LEOCARE (Λεωχάρης, Leochăres)
Scultore ateniese, fra i più famosi del secolo IV a. C. Notizie sparse dell'attività di L., in base alle opere, ci sono fornite da Plinio il Vecchio, da Pausania e da Plutarco. I limiti estremi dentro i quali rimane compresa l'attività dell'artista, sono le date approssimative del 390 e del 315 a. C. Il nome di L. si afferma abbastanza presto nel campo dell'arte, poiché circa la metà del secolo egli si trova a lavorare alle sculture del Mausoleo di Alicarnasso, in compagnia di Scopa, Timoteo e Briasside, che sono, insieme con Prassitele e con Lisippo, gli altri più noti scultori suoi contemporanei. Nella distribuzione del lavoro sarebbe toccato a L. di eseguire le sculture del lato occidentale del Mausoleo. Subito dopo la battaglia di Cheronea (338), L. è chiamato a Olimpia per eseguire le statue destinate al Filippeīon, santuario o herōon dedicato a Filippo di Macedonia: e cioè le statue-ritratti di Filippo, della moglie Olimpia, dei genitori Aminta ed Euridice, e del figlio Alessandro: le statue erano d'oro e avorio. Circa il 320 poi L. eseguisce, insieme con Lisippo, per il santuario apollineo di Delfi, un grande gruppo in bronzo, rappresentante Cratero, uno dei generali di Alessandro, in atto di salvare il suo re in una pericolosa avventura di caccia al leone.
Questi i capisaldi cronologici dell'attività dell'artista. Quanto a farci un'idea dell'arte sua, essendo tuttora impossibile ricavare alcun elemento distintivo stilistico dallo studio delle lastre scolpite (con scene di Amazonomachia) provenienti dal mausoleo di Alicarnasso, e conservate nel British Museum, il materiale disponibile è oltremodo scarso e insufficiente. Plinio (Nat. Hist., XXXIV, 79) ricorda e descrive di L. un gruppo di Ganimede rapito dall'aquila e la breve descrizione pliniana si accorda con un epigramma dell'Antologia greca (III, 82, 63; Palat., XII, 221). Tali testimonianze letterarie hanno servito per identificare come una copia dell'opera un piccolo gruppo marmoreo del museo Vaticano rappresentante Ganimede giovinetto, clamidato, che regge ancora nella destra il pedum pastorale, nel momento in cui viene sollevato da terra dall'aquila. Questa, con le ali largamente spiegate, tiene afferrato il giovinetto per la persona, con gli artigli aderenti alla clamide per non offendere il tenero corpo. Anche nella mediocre e tarda copia romana, il gruppo è altamente espressivo, pieno di aspirazione verso l'alto. Diritti al cielo mirano infatti gli occhi dell'aquila, quelli del giovinetto, nonché il fedele cane col muso levato e le fauci aperte a un lamento per la dipartita del suo padrone. Il tronco arboreo verticale collocato dietro il gruppo, ha permesso all'artista di conferire alla sua composizione plastica tutta la leggerezza possibile. Ma è certo che nell'originale, eseguito in bronzo, il gruppo doveva suggerire un'impressione di leggerezza anche maggiore.

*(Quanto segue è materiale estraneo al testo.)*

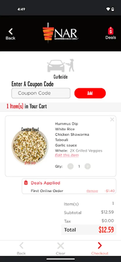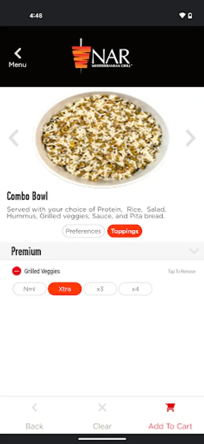 NAR Mediterranean Grill was built on core fundamentals of simplicity. We are health conscious and driven; infusing our cuisine with a variety of true authentic Mediterranean spices. Experience true Mediterranean food by having the ability to combine handpicked favorite proteins, toppings, & sauces, to build a healthy creation with thousands of possible customized options to match any taste profile
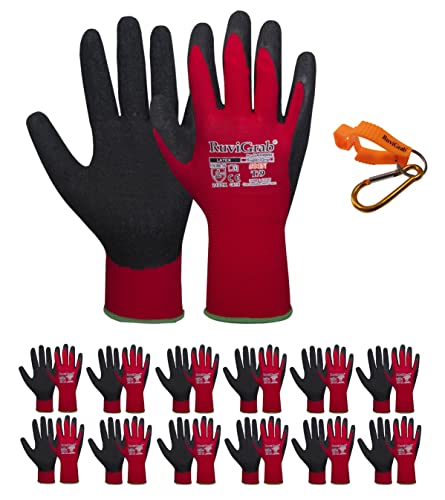 Ruvigrab - Latex arbetshandske | Halkfria handskar | Trädgårdshandskar | Handskar för industri, byggnad eller jordbruk | Arbetshandske man och kvinna | 12 Par | Storlek 7
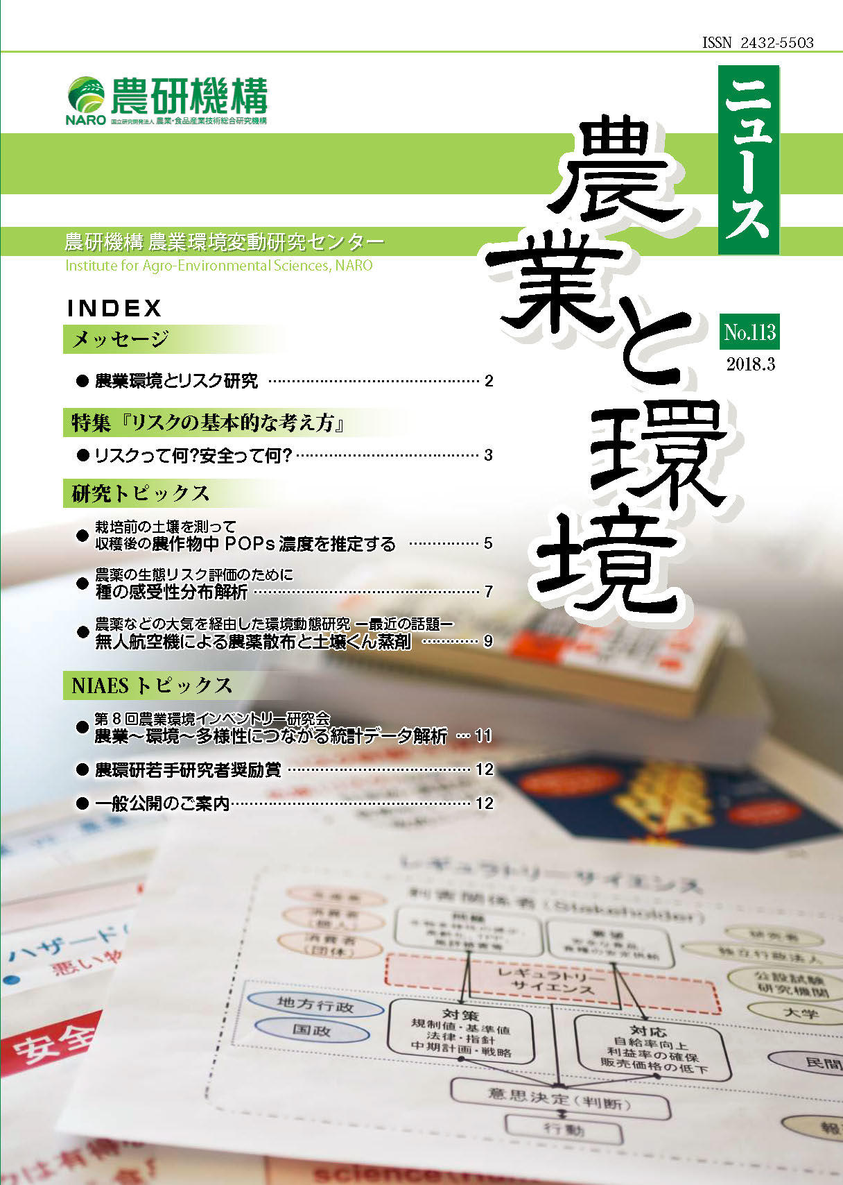 「農環研ニュース」は、本号より「ニュース農業と環境」にタイトルを変更しました。 |
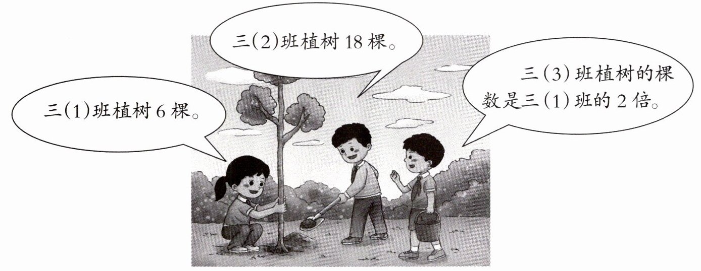 (1) 三(2)班植树棵数是三(1)班的几倍?
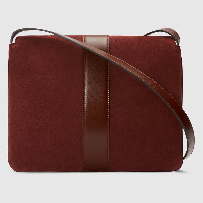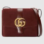 - 550126 Gucci Arli系列 中号 麂皮拼皮 双G翻盖 复古肩背包 酒红色
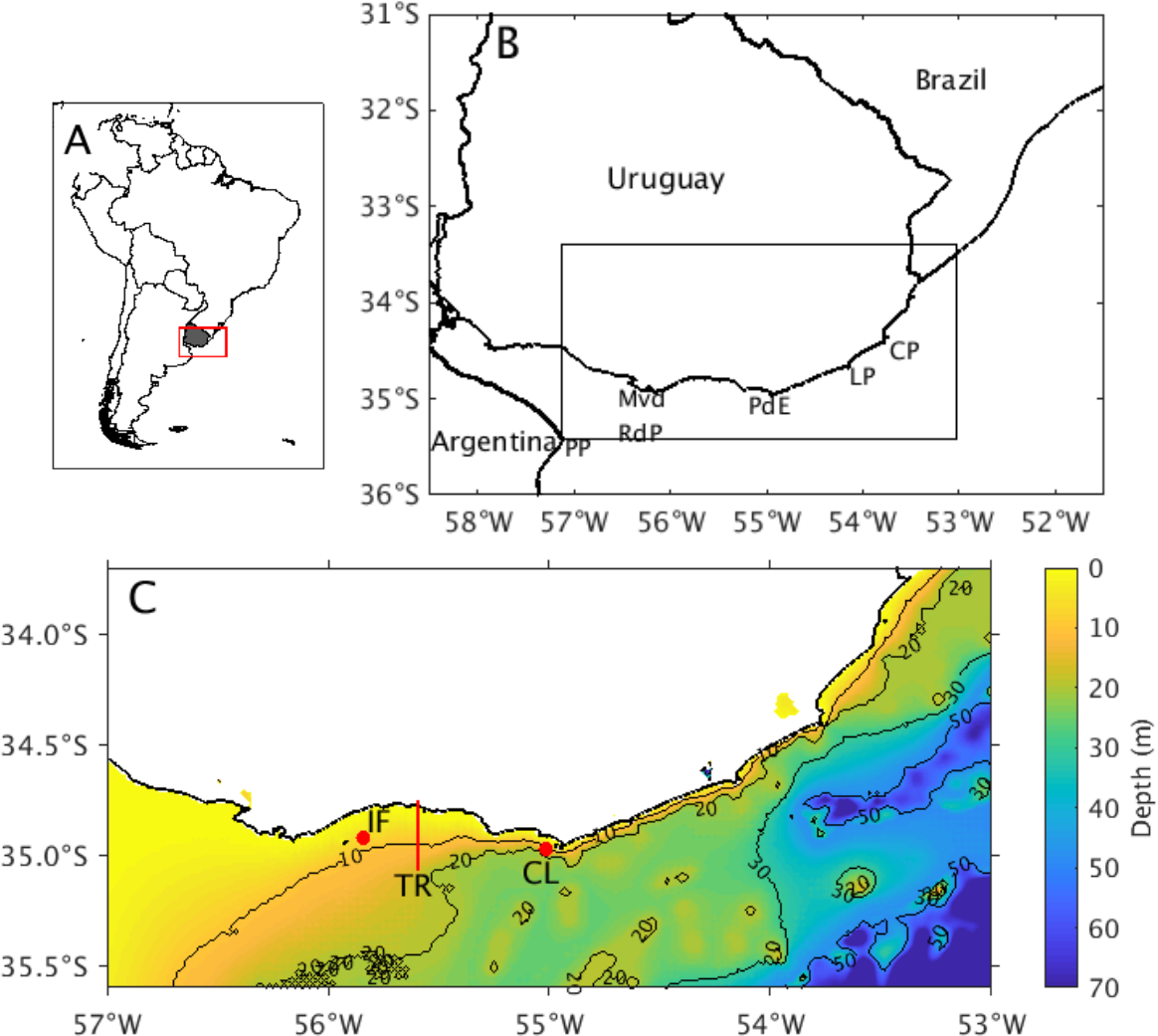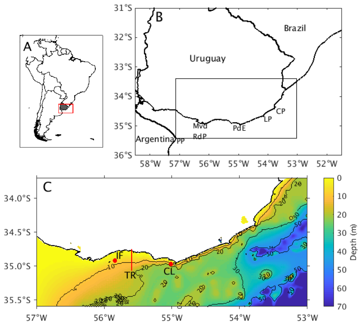 Figure 1(a) Geographical context of the study area, showing Uruguay within South America; the red rectangle indicates the region displayed in panel (b). (b) Model setup area along the Uruguayan shelf. The inner rectangle indicates the subdomain used for the analysis and identification of upwelling events. Mvd: Montevideo; PdE: Punta del Este; LP: La Paloma; CP: Cabo Polonio; PP: Punta Piedras; RdP: Río de la Plata. (c) ETOPO1 bathymetry (color scale in meters). Black contours indicate selected isobaths. IF marks Isla de Flores (location used for model – observation comparison of SST and SSS); CL indicates the coastal location used to extract vertically averaged seasonal profiles; TR denotes the transect used to analyze the vertical structure of simulated upwelling.
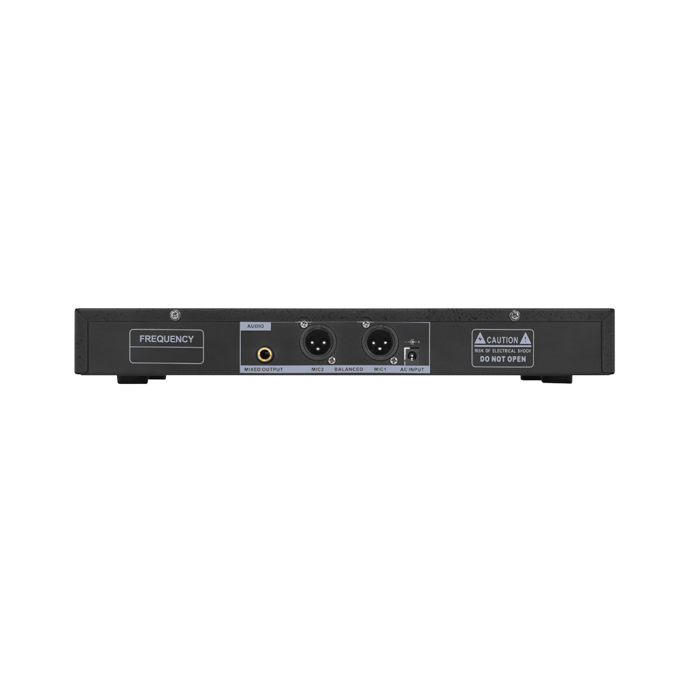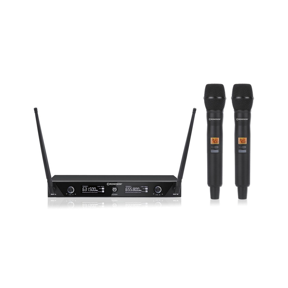 Set di due radiomicrofoni palmari UHF di qualità professionale. Il ricevitore UHF a doppio canale è dotato di moduli ricevitori sintetizzati con due frequenze fisse di 655/669 MHz PLL selezionabili. Il sistema di ricezione automatico anti-interferenza permette il funzionamento simultaneo di più unità ad una distanza operativa di 50 metri. Visualizzazione delle funzioni su schermo LCD Funzione "sync" ad infrarossi per trasmettere la frequenza ai trasmettitori Ideale per applicazioni vocali o audio professionali, discorsi, animazioni, ecc.
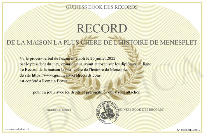 Envoyez par email votre Record de la maison la plus chère de l'histoire de Menesplet personalisé
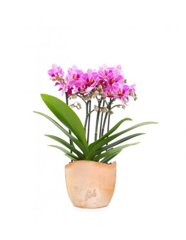 Orchidea tra le più belle e facili da coltivare, la Phalenopsis Boquetto si presenta con fiori dai lunghi petali a forma di stella, di colore rosa pallido con striature rosse. Sicuramente una pianta che cattura l'attenzione e affascina l'osservatore! Tra i tanti significati che le sono stati attribuiti, il più toccante è quello di fiore che porta fertilità e amore. Essendo originaria delle foreste pluviali tropicali ha particolari esigenze relative all'ambiente in cui viene coltivata: il suo vaso deve essere poco spesso e dovrebbe essere dotato di varie aperture per consentire l'areazione delle radici. La pianta ha bisogno di molta luce, ma teme i raggi diretti del sole: scegliete quindi un luogo non troppo ventilato e una temperatura tra 15 e 28 gradi. Garantitele il giusto livello di umidità, con uno strato di argilla espansa nel sottovaso e una leggera nebulizzazione sulle foglie nei mesi più caldi. Se possibile, utilizzate sempre acqua piovana. Riducete le innaffiature in autunno-inverno, prima del periodo della fioritura: questa fase di riposo, con meno luce e mancanza di acqua favorirà il processo di fioritura. Per il rinvaso utilizzate il terreno adatto alle orchidee e somministrate il concime specifico una volta al mese.
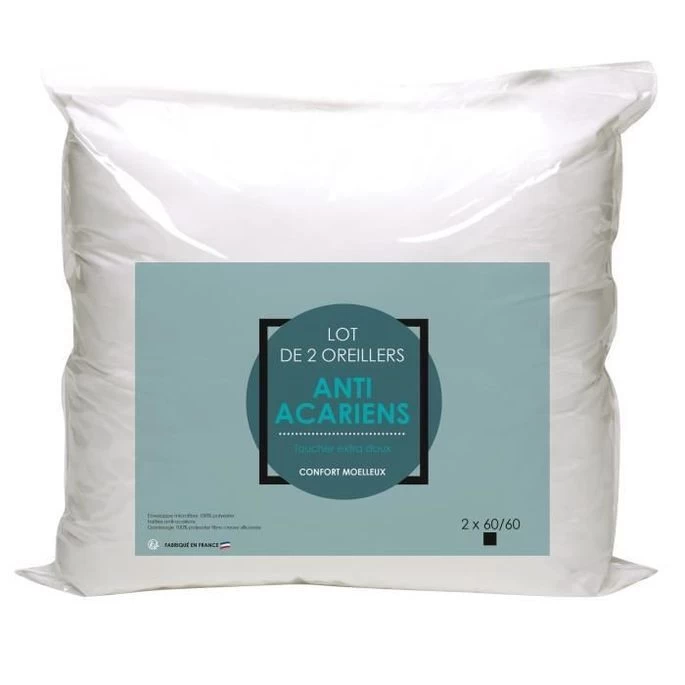 Lot De 2 Oreillers Microfibre Anti-Acariens 60x60cm
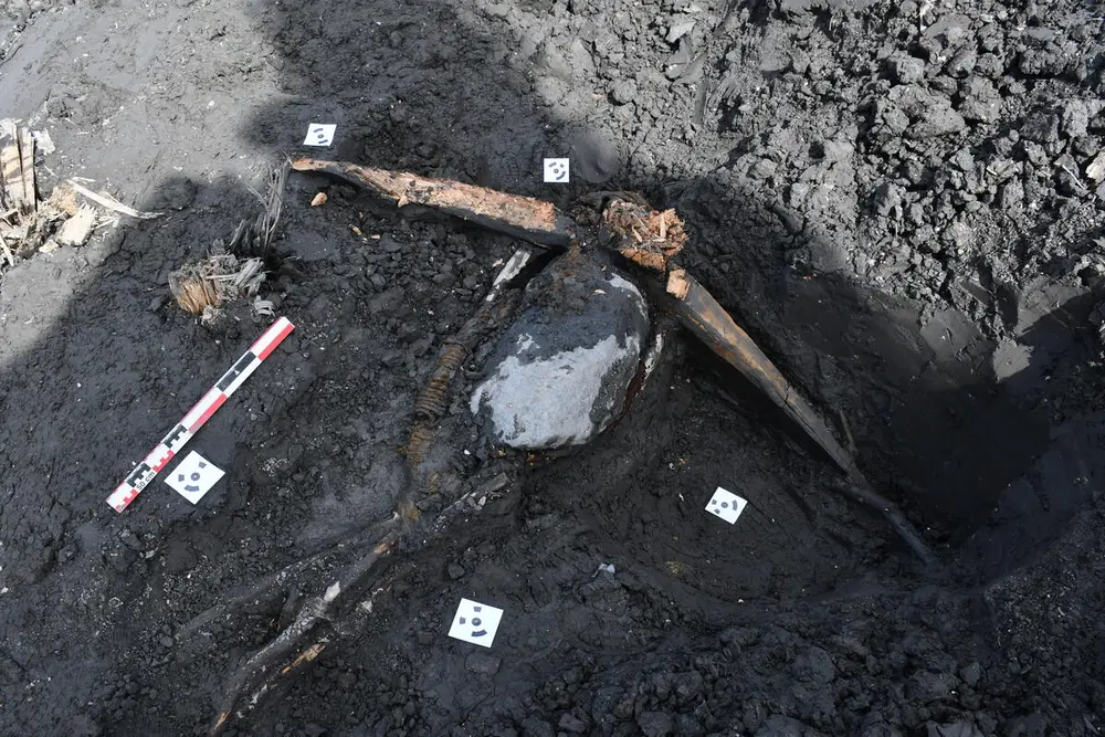 Fig. 2. Killick F151 is one of many stone and wood anchors excavated by the Norwegian Maritime Museum in Oslo. Sjoerd van Riel / NMM
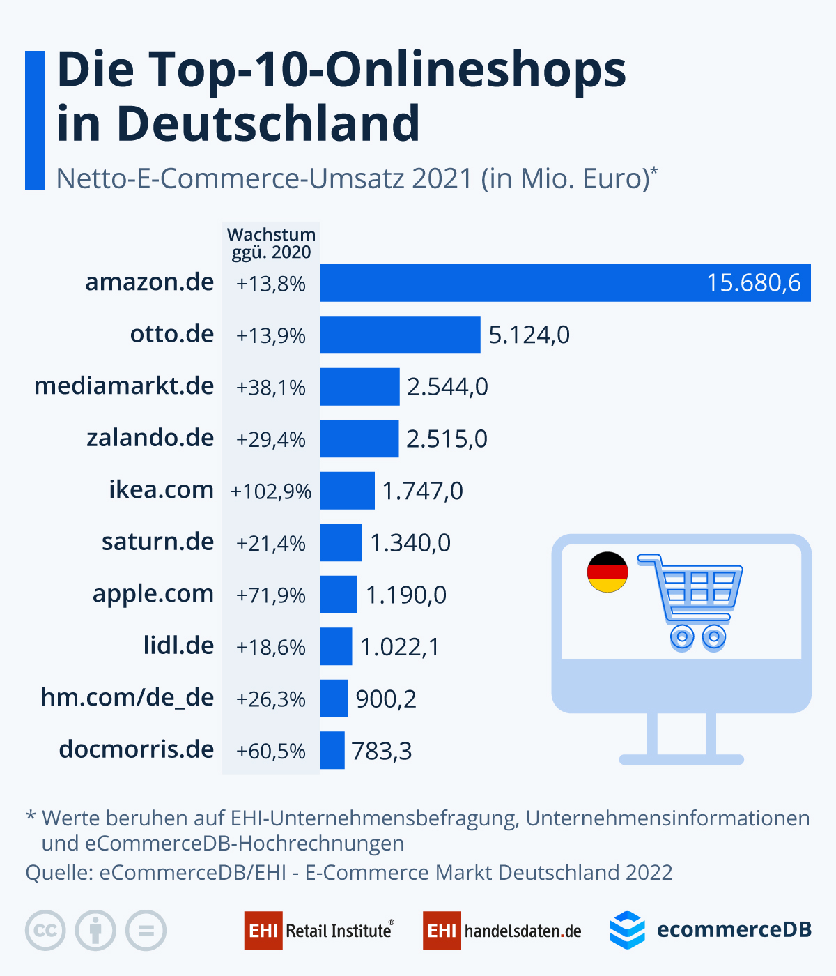 Insgesamt beträgt der Umsatz der Top-1.000 Onlineshops für das Jahr 2021 79,9 Mrd. Euro (2020: 68,8 Mrd. Euro). Das Ranking der umsatzstärksten Onlineshops führt erneut amazon.de mit einem E-Commerce-Umsatz von 15,68 Mrd. Euro an. Damit beansprucht der Marktführer mit 19,6 Prozent knapp ein Fünftel des Umsatzes der Top-1.000 für sich. Rang zwei belegt otto.de mit einem Umsatz von 5,12 Mrd. Euro. Die Top-3 komplettiert mediamarkt.de mit 2,54 Mrd. Euro.
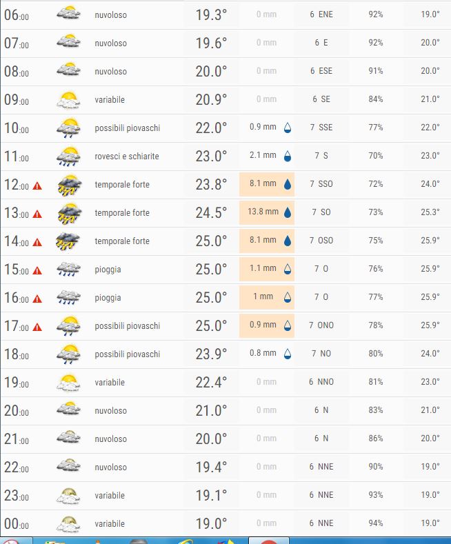 Come sempre in questi casi ogni modello vede un evoluzione e una localizzazione dei picchi differente e pertanto diventa molto difficile poter essere più precisi sopratutto se si pretende di localizzare ogni singolo nucleo temporalesco.
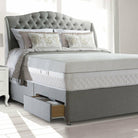 The full length Richmond headboard embodies tradition and provides a classic touch to the beautifully upholstered divan set.
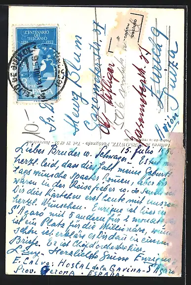 Personenbezogene Daten auf der Rückseite der Karte wurden durch blauen Textmarker unkenntlich gemacht. Die blauen Stellen sind auf die Vorderseite durchgeweicht und wirken sich negativ auf das Postkartenfoto aus
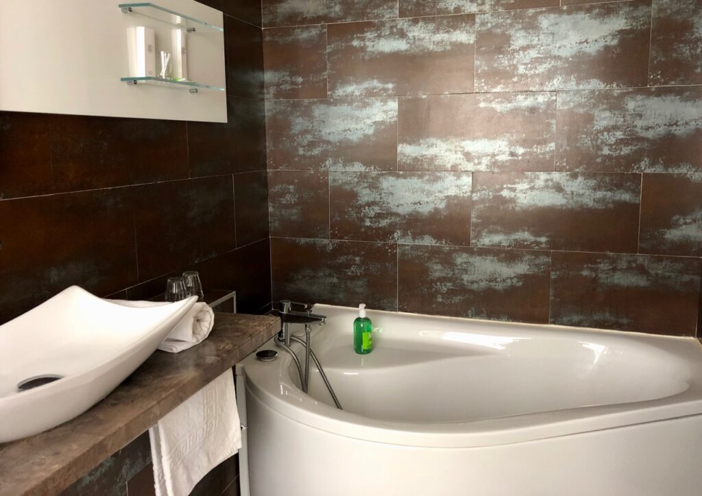 Les salles de bain ont douche à l’italienne ou baignoire, Isabelle réservant, quand c’est possible, les chambres avec baignoire aux dames…
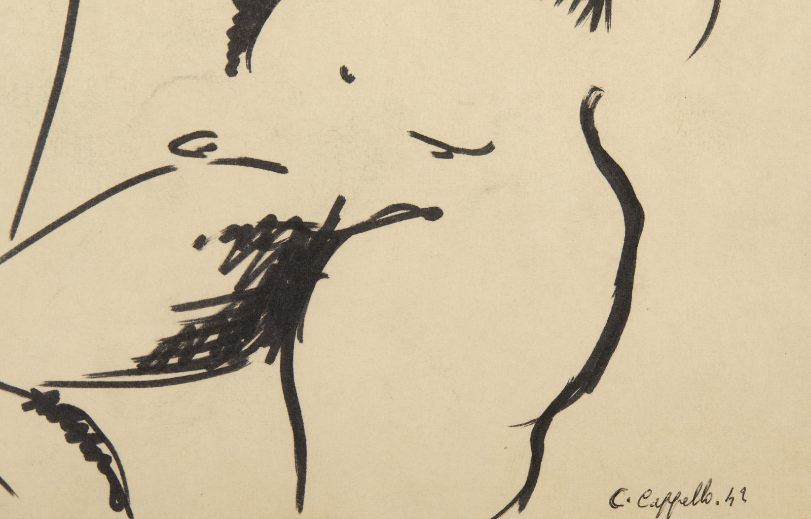 CAPPELLO CARMELO (1912 - 1996) Senza titolo. 1942. Tecnica mista su carta. Cm 19,50 x 25,20. Firma e anno in basso a destra a penna. Lievi difetti. Cornice presente
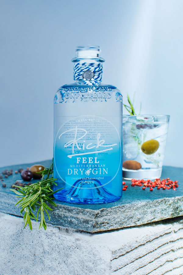 „Wacholder ist die Basis und immer über 50 Prozent.“ Das gilt auch für den dritten im Bunde, den Rick Gin FEEL, der mit entsteinten und gemaischten Oliven mazeriert wird. Für wahres mediterranes Feeling sorgen Basilikum und Rosmarin. Übrigens handelt es sich dabei um den einzigen Bio-Gin dieser Art in Österreich. Es ist einfach die Philosophie von Patrick Marchl, mit seinem Gin die heimische Qualität zu betonen und diesen der übrigen Welt in einer in jeder Beziehung reinen Form anzubieten.
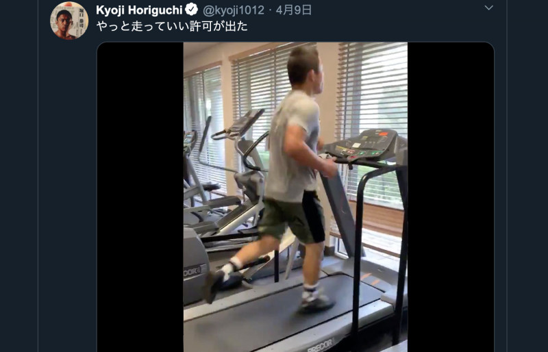 現在リハビリ中の堀口恭司は、昨年10月のヒザ負傷からランニングマシンでダッシュできるまでに回復(@kyoji1012より)
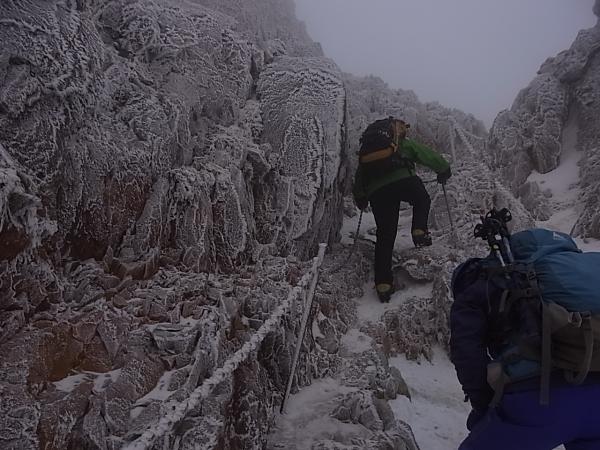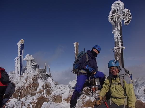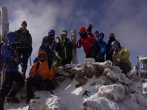去年は大雪のラッセルで頂上には届きませんでしたが、今年はアイゼンを効かせながらの快適登山でした。
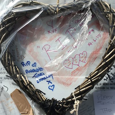 Hassan-Hassan is originally from Sudan. He lived with his wife and two daughters in Grenfell Tower, London. He recalls hearing from his wife on the night of the fire, when he was in Egypt visiting his brother. Photo: Messages left in tribute for victims of the Grenfell Tower fire Credit: Samuel Hauenstein-Swan

A L. è stato attribuito, da F. Winter, l'originale, perduto, da cui deriva la statua notissima dell'Apollo del Belvedere, non priva, infatti, di affinità stilistiche col Ganimede. Anche l'originale dell'Apollo del Belvedere, nell'atto di scoccare la freccia dall'arco, doveva essere di bronzo. Non meno di tre sono le statue di Apollo ricordate dalle fonti come opera di L. Un'assai meno sicura e persuasiva attribuzione a L. è quella recente di Th. Schrader della statua di Hypnos a Madrid (Museo del Prado).
Un altro scultore dello stesso nome è ricordato in tre iscrizioni, due delle quali da Atene, del sec. II-I a. C.
Bibl.: Bieber, in Thieme-Becker, Künstler-Lexikon, XXIII, Lipsia 1929, s. v., p. 66 segg.; G. Lippold, in Pauly-Wissowa, Real-Encycl., XII, col. 1992 segg.; W. Amelung, Saggio sull'arte del sec. IV a. C., in Ausonia, III (1908), p. 91 segg.; Revue de l'art anc. et mod., giugno 1932, p. 239.